The NJEA sure isn’t telling them. They have long hidden the existence of the NJEA’s Super PAC, Garden State Forward, and the fact that it is funded by educators’ regular dues. As a result, many educators mistakenly believe that the NJEA’s traditional PAC, NJEA PAC, is the extent of the NJEA’s political spending. NJEA PAC is funded by a separate dues stream that educators must opt into, and the NJEA leads them to believe that their regular dues are not funding political spending.
But that’s a false impression. Garden State Forward has become NJEA leadership’s main vehicle for political spending. According to IRS filings, from 2012-21, NJEA leadership devoted $65 million to Garden State Forward, compared to $10 million flowing to NJEA PAC. Garden State Forward has spent more than $10 million in a single year.
So few, if any, educators know that in 2017, via Garden State Forward, NJEA leadership wasted $5.4 million of their regular dues backing Trump-supporter Fran Grenier in a futile attempt to unseat then-Senate President Steve Sweeney.
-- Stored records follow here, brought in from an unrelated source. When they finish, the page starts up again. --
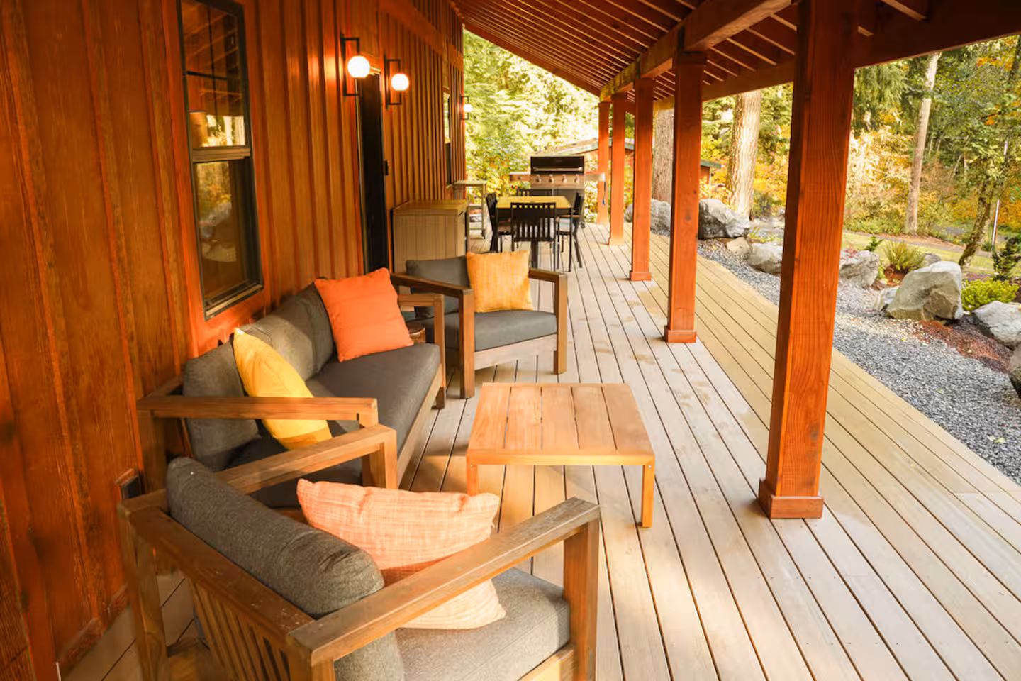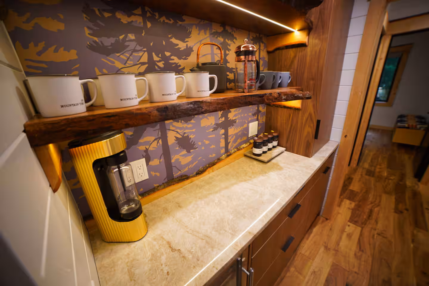 Just beyond the great room, a spacious outdoor deck extends the home’s living area with lounge seating, a dining table, and a gas grill. This space works well for quiet mornings, relaxed afternoons, or dinner under the trees. In addition, a dedicated coffee and tea station features local selections and encourages unhurried starts to the day.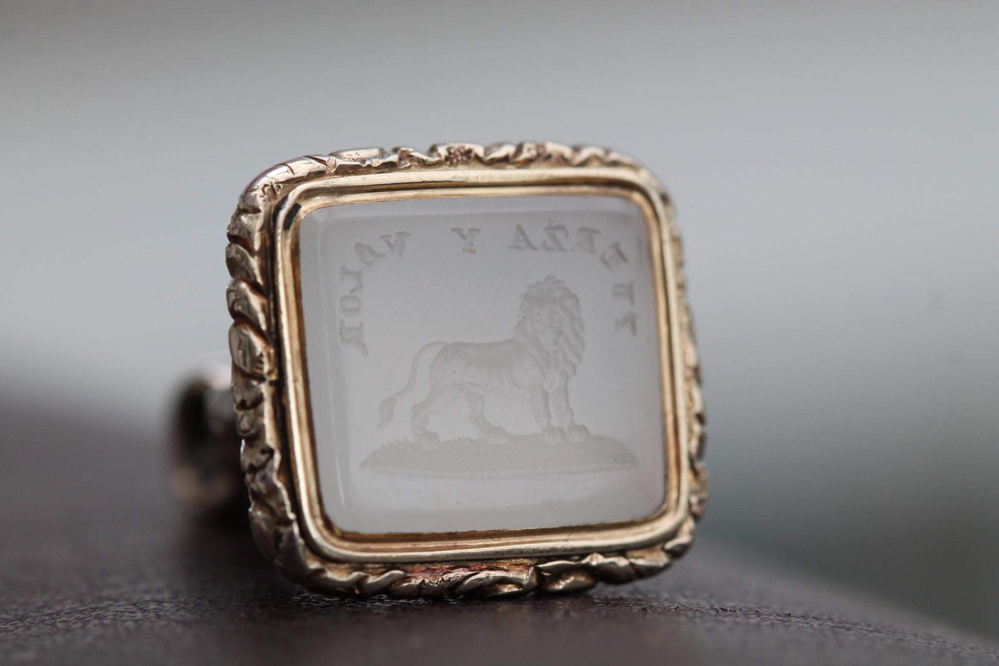 A fine early Victorian intaglio seal dating to c.1840, beautifully crafted in 15ct gold casing. The body is adorned with elegant floral gold work, leading down to a chalcedony intaglio base. The intaglio depicts a lion beneath the Spanish motto “Fuerza y Valor” (Strength and Courage), a powerful symbol of bravery and resilience.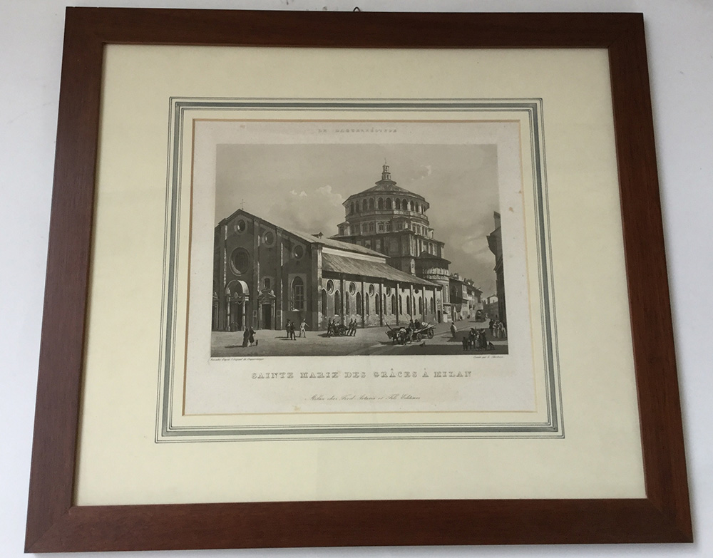Incisione del secolo XIX raffigurante Santa Maria delle Grazie a Milano (cm 22x24,5) (difetti)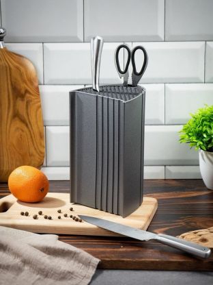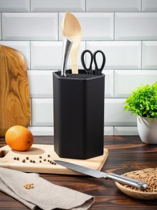 Подставка для ножей и ножниц - нужная вещь для любой кухни. Приборы будут в идеальном состоянии только если их держать в специальной подставке под ножи. Универсальная подставка для ножей и ножниц позволит решить вопрос с местом для хранения приборов. Благодаря ей ножи всегда будут в доступности и не придется искать нужный по всем ящикам.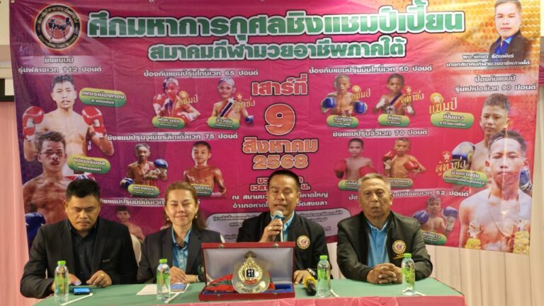 วันที่ 19 กค.2568 สมาคมกีฬามวยอาชีพภาคใต้ จัดแถลงข่าว " ศึกมหาการกุศลชิงแชมป์เปี้ยน สมาคมกีฬามวยอาชีพภาคใต้" โดยมีผู้ร่วมแถลงข่าว นายพิทยา รัตนพันธ์ ซึ่งเป็นผู้อำนวยการศูนย์เทคโนโลยีสารสนเทศและการสื่อสาร ศูนย์อำนวยการบริหารจังหวัดชายแดนภาคใต้ (ศอ.บต.) นายกสมาคมกีฬามวยอาชีพภาคใต้ จังหวัดสงขลา,นางอุไรวรรณ จันลาภ ผู้อำนวยการสำนักงานการกีฬาแห่งประเทศไทย จังหวัดสงขลา,นายประพันธ์ ศรีสวัสดิ์ เลขาประธานกา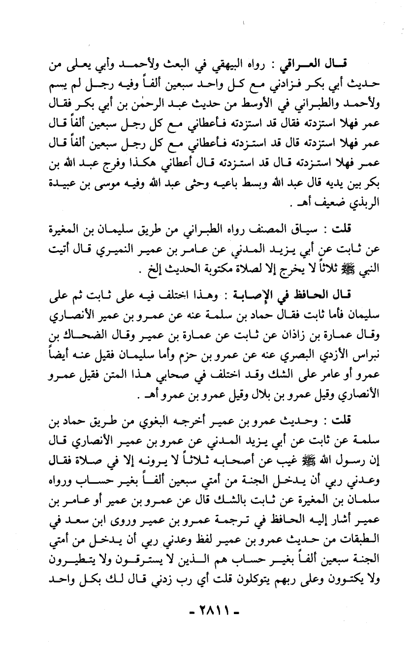 قلت: وحديث عمرو بن عمير أخرجه البغوي من طريق حماد بن سلمة عن ثابت عن أبي يزيد المدني عن عمرو بن عمير الأنصاري قال إن رسول الله - صلّى الله عليه وسلم - غيب عن أصحابه ثلاثاً لا يرونه إلا في صلاة فقال وعدني ربي أن يدخل الجنة من أمتي سبعين ألفاً بغير حساب ورواه سلمان بن المغيرة عن ثابت بالشك قال عن عمرو بن عمير أو عامر بن عمير أشار إليه الحافظ في ترجمة عمرو بن عمير وروى ابن سعد في الطبقات من حديث عمرو بن عمير لفظ وعدني ربي أن يدخل من أمتي الجنة سبعين ألفاً بغير حساب هم الذين لا يسترقون ولا يتطيرون ولا يكتوون وعلى ربهم يتوكلون قلت أي رب زدني قال لك بكل واحد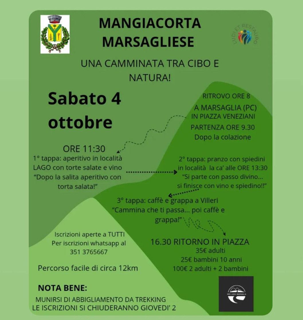 Sabato 4 ottobre, a Marsaglia, si svolgerà la Mangiacorta Marsagliese, una camminata che unisce il piacere del trekking ai sapori della tradizione locale.
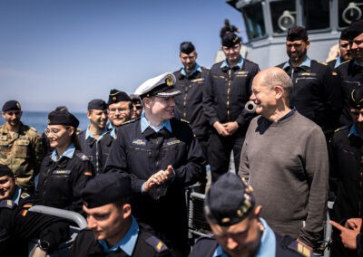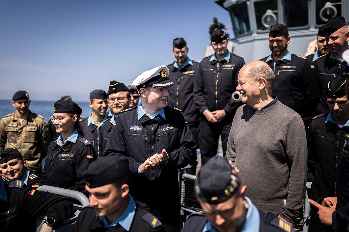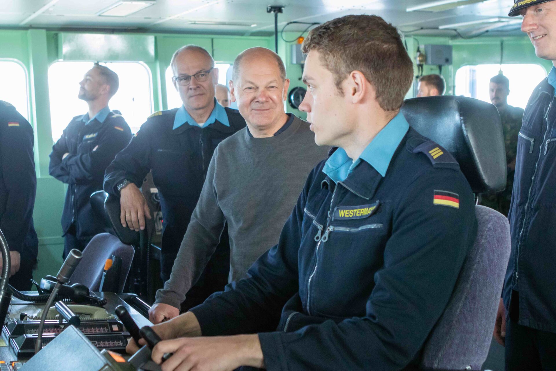 Bundeskanzler Olaf Scholz auf dem Minenjagdboot Bad Bevensen. Foto: Bundesregierung/Kuegeler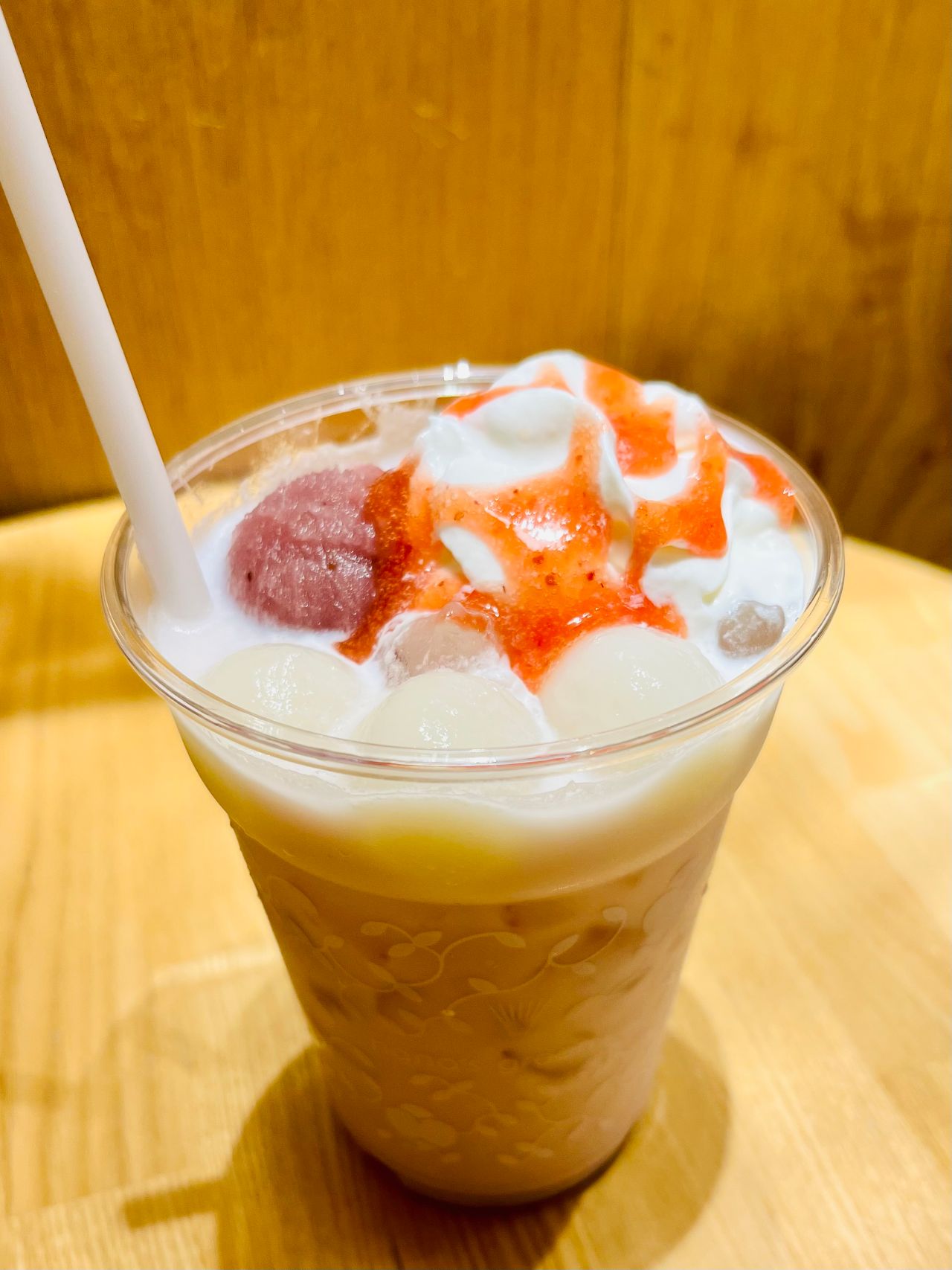 ラテの上には、イチゴあん、ふわふわのホイップクリーム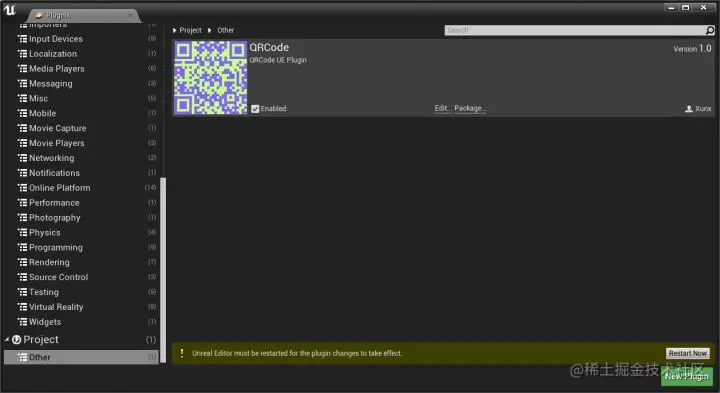 按照提示将插件拷贝到 Plugins 目录中,重启 UE4 Editor ,激活插件并重启。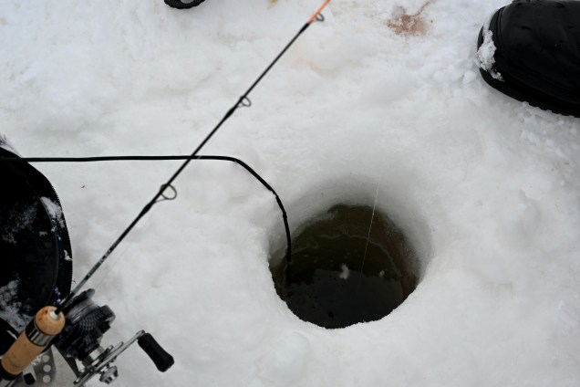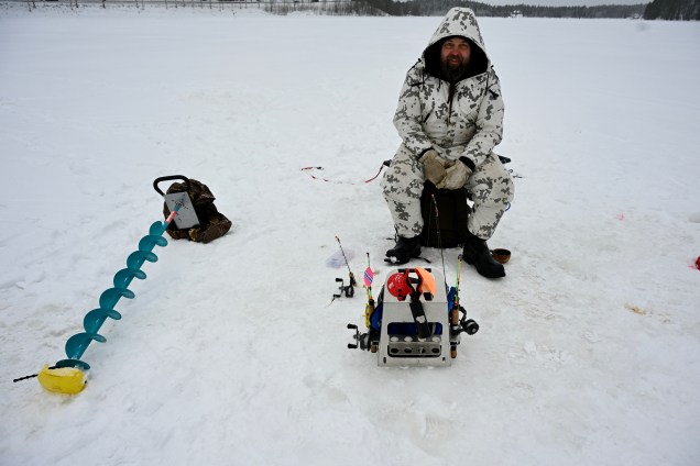Une autre expérience aussi sur les lacs gelé , « le trou marrant « . La pêche blanche ou la glace est carottée par une machine laissant un trou bien solide ou l’eau arrive et vous appelle à la pêche ! Une minuscule cane à pêche plongée et hop les perches qui circulent sous la glace épaisse mordent à l’hameçon ! Nous avons eu la chance de voir un pro du coin qui nous a présenté son matériel et sa technique . Dommage, que nous n’ayons pas vu une prise, le moment n’était visiblement pas favorable , une autre fois peut être !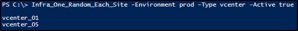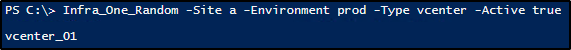 $Random_Server = Infra_One_Random -Site a -Environment prod -Type vcenter -Active true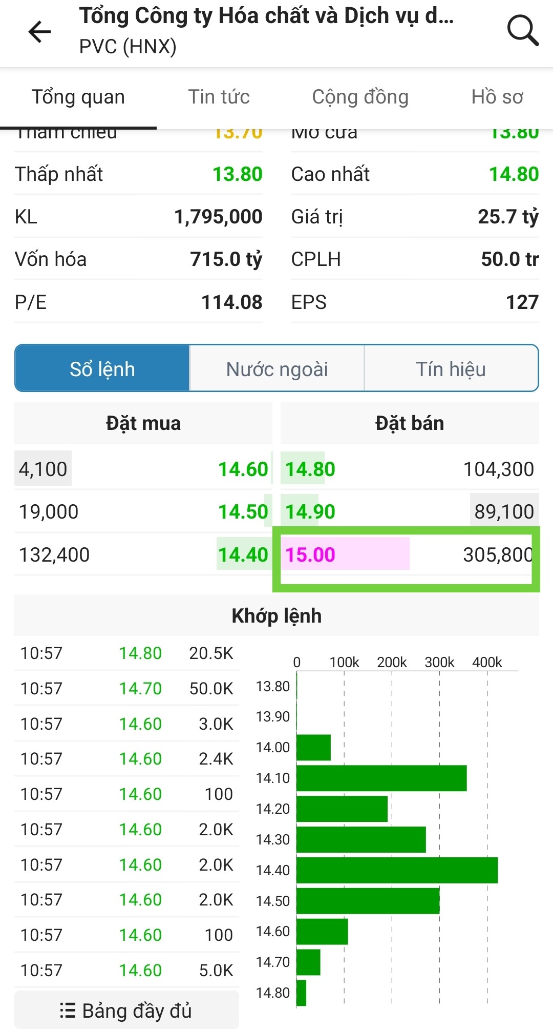 Mỗi bước giá, chặn bán một cục 400-500k. Ý đồ nhà cái là…cứ từ từ nha mọi người. Khi nào muốn lên, lại rút lại lệnh bán.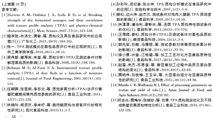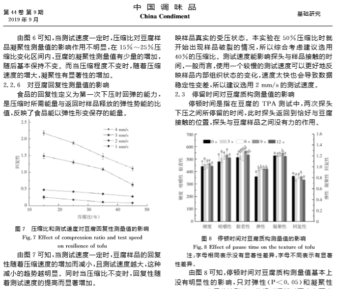 Technical articles2019年9月,《中国调味品》期刊在线发表了南昌大学题为“TPA测试条件对豆腐质构测试结果的影响”的文章,在文章中,研究人员使用上海腾拔Universal TA质构仪测定豆腐的硬度、弹性、回复性、咀嚼性等指标。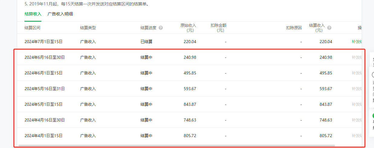 补结与正常结算的流程是不一样的,补结流程涉及的程序较多,时间较长,历史结算区间的结算进度将在一段时间内保持在“结算中”状态。流量主无需焦虑,补结成功后会下发结算单至对应的结算邮箱的,还请耐心等待后续留意。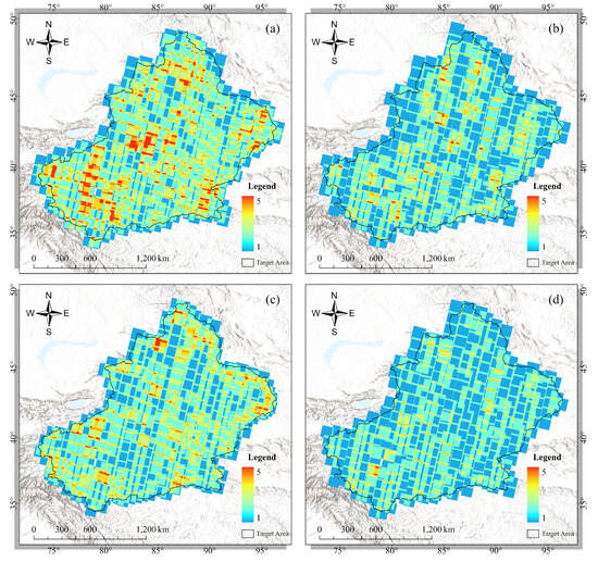 The results indicate that SCOPES exhibits significant optimization capabilities across all sampling rates. Compared to the original candidate sets after thinning, SCOPES substantially reduces the NSI. For instance, in the Xinjiang region at a 100% sampling rate, the NSI was reduced from 1961 to 355. The RR after selection is significantly lower than that of the candidate datasets, proving the algorithm’s effectiveness in eliminating overlapping areas. Furthermore, the AQS of the selected images decreases despite the drastic reduction in image count, indicating that the algorithm effectively filters for image quality. In all test scenarios, the ECR after SCOPES optimization remains perfectly consistent with the maximum coverage capacity of the candidate sets. This demonstrates that the algorithm accurately identifies and retains all marginal images contributing to spatial coverage during redundancy elimination, without sacrificing coverage accuracy for the sake of lower redundancy. At extremely low sampling rates (e.g., 5%), the optimized results were observed to be identical to the candidate sets (where NSI no longer decreases and RR approaches 0).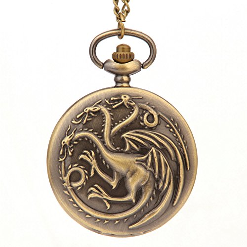 -. Title : YouYouPifa Fashion Three Dragon Animal Pattern Round Embossed Big Pocket Watch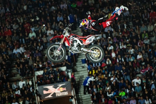 München, 15. März 2014 – Beim Saisonauftakt der Red Bull X-Fighters World Tour in Mexico City wurde die Stimmung auf der mit 38.000 Fans ausverkauften Monumental Plaza de Toros einzig und allein vom Wagemut der weltbesten FMX-Fahrer übertroffen. Ganz oben auf dem Podest standen zwei Athleten aus Down Under: der Neuseeländer Levi Sherwood und der Australier Josh Sheehan. Platz drei ging an Dany Torres aus Spanien.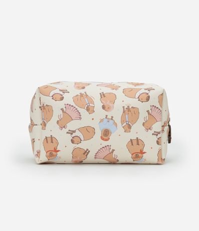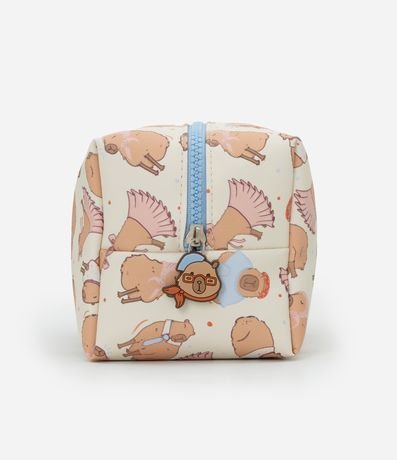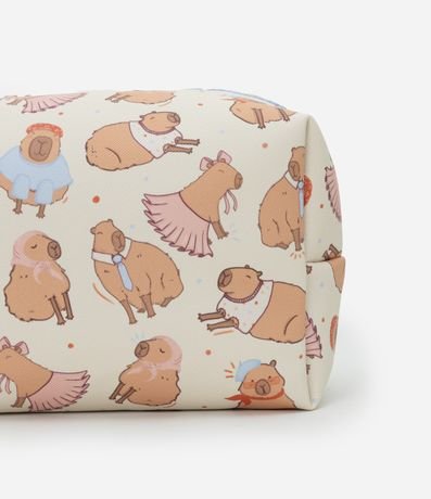 Ref: Nécessaire feminina confeccionada em material sintético, no modelo retangular média, com fechamento de zíper e estampa fofa de capivara.
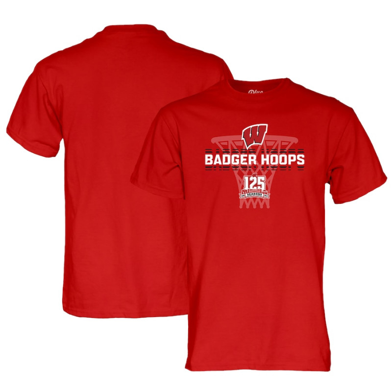 Men's - Wisconsin Badgers Blue 84 125th Anniversary Red College Basketball T-Shirt

Or that millions of their dues are being funneled to Spiller’s own Super PAC in furtherance of his personal political career.
This is deliberate. The NJEA website is the model of transparency when it comes to NJEA PAC, but when we searched for “Garden State Forward,” we got this response: “Sorry, but nothing matched your search terms. Please try again with different keywords.” Likewise, in all the annual budgets presented to educators in the NJEA’s monthly magazine, NJEA Review, there has never been a line-item for Garden State Forward. NJEA leadership’s $65 million in funding for Garden State Forward is disguised as “Organizational Projects.”
The bottom line is that an educator would be unaware of Garden State Forward’s existence if she relied on the NJEA for her information. Can the NJEA’s political spending truly be deemed “Educators Involved in Politics”?
No, it’s the NJEA involved in politics. There’s a big difference.
Mike Lilley is the President of the Sunlight Policy Center of New Jersey.